Not that he had seen any person other than Elphaba, who was too amazing to be a person . . .
At one point he sat, gave up. She can find me here, he reasoned. Just because sorcery isn't widespread doesn't mean she can't perform it herself. She can cast some hocus-pocus spell out of that book of hers and find me in a snap. All I have to do is sleep and wait.
Ten seconds later he was up again, running, knocking down cornstalks, frantically thinking, I have to find her! Where is she? Is she hurt? I HAVE TO FIND HER!
He shook his head as hard as he could; hoping that his many excess thoughts would fly out and go spinning away like the clouds. When the world (or at least, this one) came back into focus, he saw something other than corn. He blinked a few times, praying that it was what he thought it was, and not something wonderfully horrible indigenous to this universe.
It was only a tree.
It was a beautiful, lonely tree, the kind that Elphaba would like to sit under and think. Trees like that weren't found much in Oz – most trees were surrounded by other trees, in government-designated forests, only destroyable if the Wizard said okay.
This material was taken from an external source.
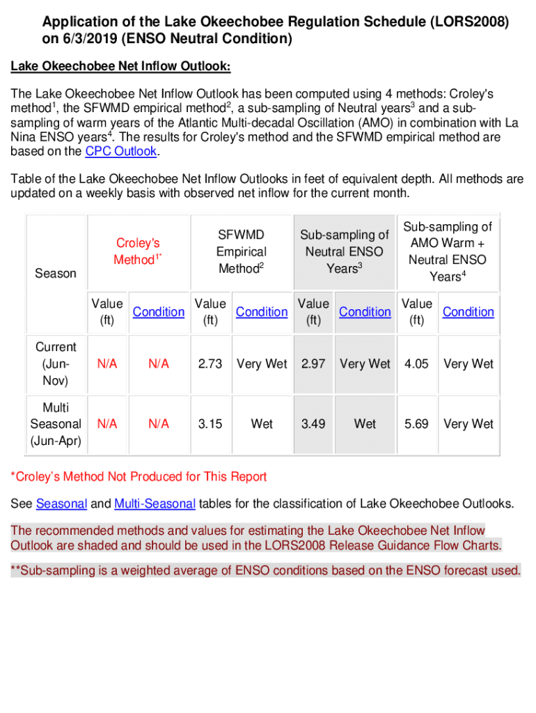 Application of the Lake Okeechobee Regulation Schedule (LORS2008) on 6/3/2019 (ENSO Neutral Condition) Lake Okeechobee Net Inflow Outlook: The Lake Okeechobee Net Inflow Outlook has been computed

He made his way towards it, and it became clearer. Its bark was smooth, not crusty, and the leaves looked as though they had been glued on as an afterthought. The trunk was one for about five feet, and then it branched off in two parts with a feeble attempt at a third, perfect for sitting, if you could climb it.
When he first saw it, he had thought it stood among the corn, but as he got closer he realized that the field ended, and the tree marked that ending. The tree wasn't alone, either.
He recognized Elphaba instantly, though her back was turned and no skin was visible. She was talking to somebody, gesturing wildly. Fiyero guessed that either the people here were extraordinarily small, or she was talking to a child. As he approached, every breath a sigh of relief, he heard part of the conversation. A piping little girl's voice, not dissimilar from the one whose owner had supposedly "killed" the "witch", asked, "Then . . . why is your skin green?" She hiccupped slightly, which Fiyero took to mean she had just finished crying.
Elphaba chuckled, made a small gesture to Fiyero from behind her back, and replied, "Same reason the scarecrow behind me is walking and will soon ask me what the heck I think I'm doing."